My best friend, Rebecca. I loved that woman. She was the only person that could complete my sentences, go to the store a month after me and buy the same exact dress and not know I already have it, and most of all she knew my heart and protected it better than I did at times. I couldn’t think of the past 28 years being any different. She was the love of my life, the only person outside my family, that had known me almost my whole life and still wanted to be my friend.

The history that Becky and I shared was something that my husband couldn’t seem to get passed. Well maybe not just my husband, but Becky’s husband too. I will say at the very least Becky’s husband reached out and became my friend. So while he hated the fact that I knew everything about his life, he also understood that I wasn’t going anywhere and my advice didn’t always work in my friend’s favor.

I guess the problem I had was that my husband really didn’t do any outreach to Becky. He felt the same way her husband felt about our relationship, but I’m not sure that he could get passed his jealousy to reach out to my friend. One of the pacts Becky and I made in our childhood was that boys stink. As we got approached our teens, there was a boy that liked both of us.

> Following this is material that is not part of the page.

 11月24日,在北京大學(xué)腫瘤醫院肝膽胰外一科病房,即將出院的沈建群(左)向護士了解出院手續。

He got us to stop calling each other for a whole three days. From that point on, we promised no boy was more important than our friendship. Those three days will be held as the longest we’ve gone without speaking to each other.

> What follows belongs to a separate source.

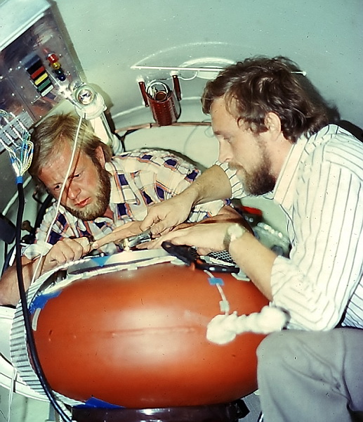 Umístění našeho modelu v tlakové komoře. Model je vybaven zařízením pro měření napětí ve stěně modelu.

The other promise we swore to each other was to never keep a secret. I think we both tried and failed at achieving any sort of promise to ourselves or others. Most people who told us not to tell anyone, would always receive my honesty that I would most likely tell Becky. Some shared, some didn’t, but at least they knew not even their deepest darkest secret would make me break my promise to my BFF.

Now I sat in my bedroom wondering how I had gone a week and at least six phone conversations without sharing the news of what my doctor told me three days ago. This was one time in their lives that my husband and Becky had reversed roles in my life. My husband has been there for me the past month as I’ve gone through all these tests. And now I think he was understanding why he didn’t want to be my best friend. It was a huge responsibility. He continued to ask me if I told Becky yet. I told him I wanted to wait for the results. And now, three days ago-the results, and I still hadn’t told her. How could I tell her I have cancer?